Vanderbilt students overwhelmingly support conservation through hunting!

CFACT activists pose with the inflatable deer prior to asking students to sign it in support of hunting!

Vanderbilt students are no strangers to deer sightings with the university being nestled in Tennessee, but that didn’t stop some confused looks when a giant inflatable deer was spotted last week on campus as part of CFACT’s hunting through conservation outreach. One by one heads turned and students began making their way over to hear the explanation of the huge deer. 

Students signing the deer on their way to class!


“This is a great way to engage the student population on important issues like hunting,” said Associate Director of Collegians Graham Beduze. “Many were quick to sign the deer and join CFACT in supporting hunters rights and conservation through animal population control.”
Others were a bit hesitant to sign as they saw humans as a problem for the environment instead of the solution. In response, CFACT also distributed info cards explaining the need for mankind’s stewardship of the environment as well as the many positives hunting provides in the fields of stopping the spread of disease and protecting crops.

CFACT’s hunting handout!

The students who hunted or grew up hunting were thankful for the event as they felt their peers and professors (many of which don’t hunt or know very little about the subject) paint hunting in a negative light. These professors argue for nature to just sort itself out, a common talking point made by many in the green movement.  CFACT aims to combat this notion on the campus and instead explain why the free market and individual responsibility are the best solutions to preserve our diverse environment and the many animals that are apart of it.

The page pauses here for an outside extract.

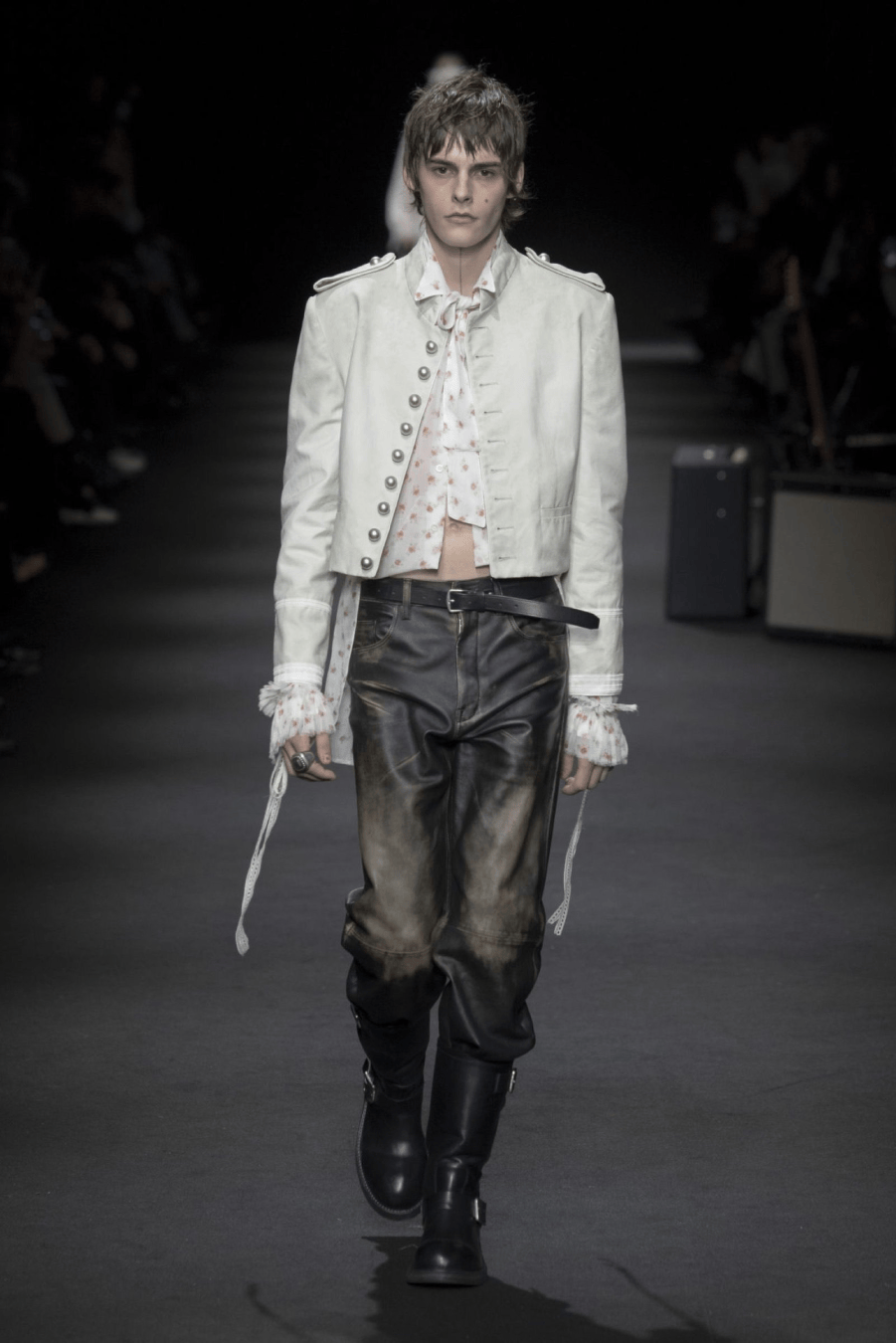 与此同时,Ann Demeulemeester 的 2026 春夏系列也带来了他们对 Napoleonic 夹克的冷静解构:在黑、白、红等色系中,夹克保持双排扣、肩线、扣饰等基本元素,但整体轮廓更柔、更贴近现代街头服饰,也更容易融入日常衣橱。通过这种方式,他们把军装符号从“仪式”“权威”中抽离出来,打造全新美学。

Student hunter poses with deer!

For example, a type of antelope, the scimitar-horned oryx, is extinct in the wild but thriving on private ranches in Texas. Hunters pay big money for the opportunity to hunt the oryx on the ranches. That money is then used to fund the continued rehabilitation of the species, and eventually it will be reintroduced to the wild. If it wasn’t for game hunting, this species would have no hope.
Referring to the oryx, the Division of Fish and Wildlife said in 2012: “Hunting…provides an economic incentive to continue to breed these species…hunting reduces the threat of the species’ extinction.”
The conversation continued as some Vanderbilt students expressed the desire to host a speaker to come and make the case for hunting as well as a general free market and stewardship approach to the environment to their peers in the future.